Task to carry out » Beginning at the line with "Ariana bedroom brings", please repeat each line exactly through the end of the records below, including that first line and the last, but no pictures.

[Start of Attachment]

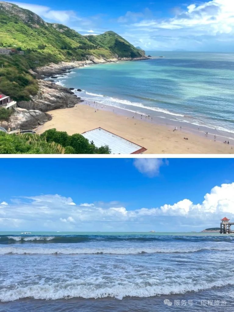 作為溫嶺最大的沙灘,洞下沙灘長600餘米,寬70餘米,沙質純淨細軟。半山腰的特色民宿群是不錯的休憩地,白天踏浪嬉戲,夜晚聽濤入眠,還能品嘗新鮮海味。
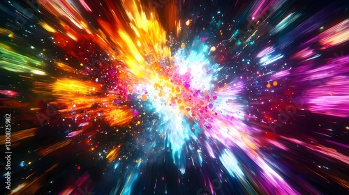 © Srga Artworks, Naklejka premium An abstract explosion of colorful glowing lights with a dynamic motion effect.
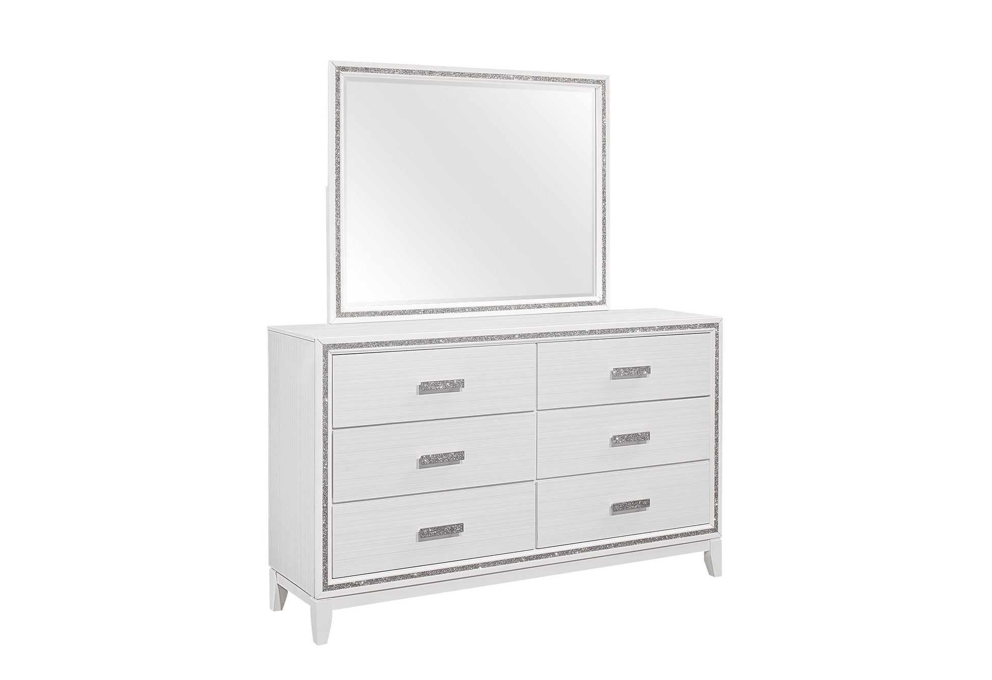 Ariana bedroom brings two worlds together. The Ariana lines and modern accents create a beautiful transitional glam bedroom look. The crushed crystal like look outlines all the pieces along with LED lighting accenting the head board. The crushed crystal like design is not only used as an accent trim but is also carried over to the hardware. The end result is a beautiful glam bedroom.
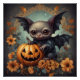 A Cute Halloween Bat with expressive eyes is portrayed against a soft, blurred background with a pumpkin and flowers. The natural colours enhance the bat appearance.
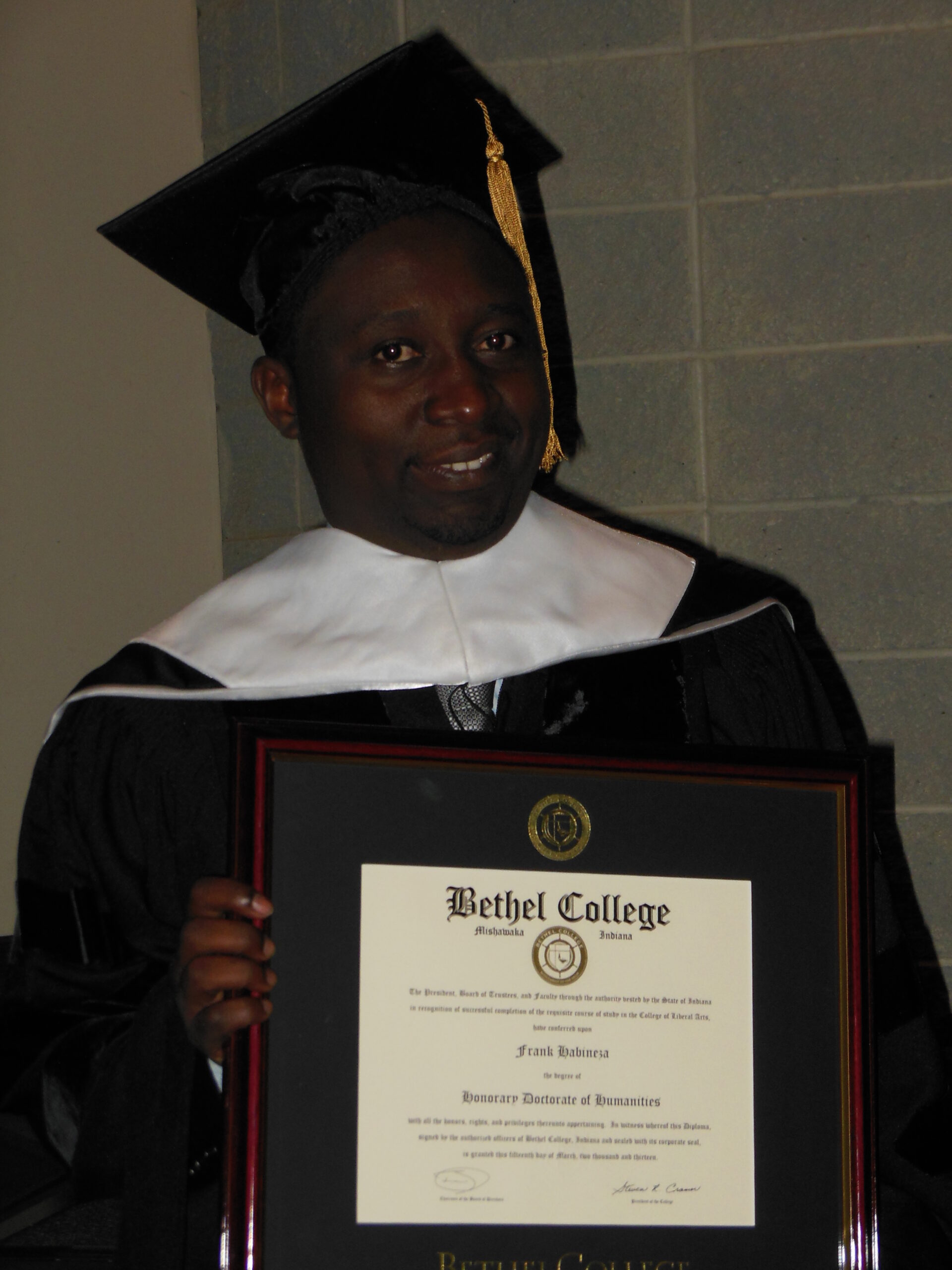 Frank Habineza, President of the Democratic Green Party of Rwanda and a Member of Parliament, received an Honorary Doctorate in Humanities in 2013 from Bethel College/Bethel University in India.

[End of Attachment]

Answer section »
 Ariana bedroom brings two worlds together. The Ariana lines and modern accents create a beautiful transitional glam bedroom look. The crushed crystal like look outlines all the pieces along with LED lighting accenting the head board. The crushed crystal like design is not only used as an accent trim but is also carried over to the hardware. The end result is a beautiful glam bedroom.
 A Cute Halloween Bat with expressive eyes is portrayed against a soft, blurred background with a pumpkin and flowers. The natural colours enhance the bat appearance.
 Frank Habineza, President of the Democratic Green Party of Rwanda and a Member of Parliament, received an Honorary Doctorate in Humanities in 2013 from Bethel College/Bethel University in India.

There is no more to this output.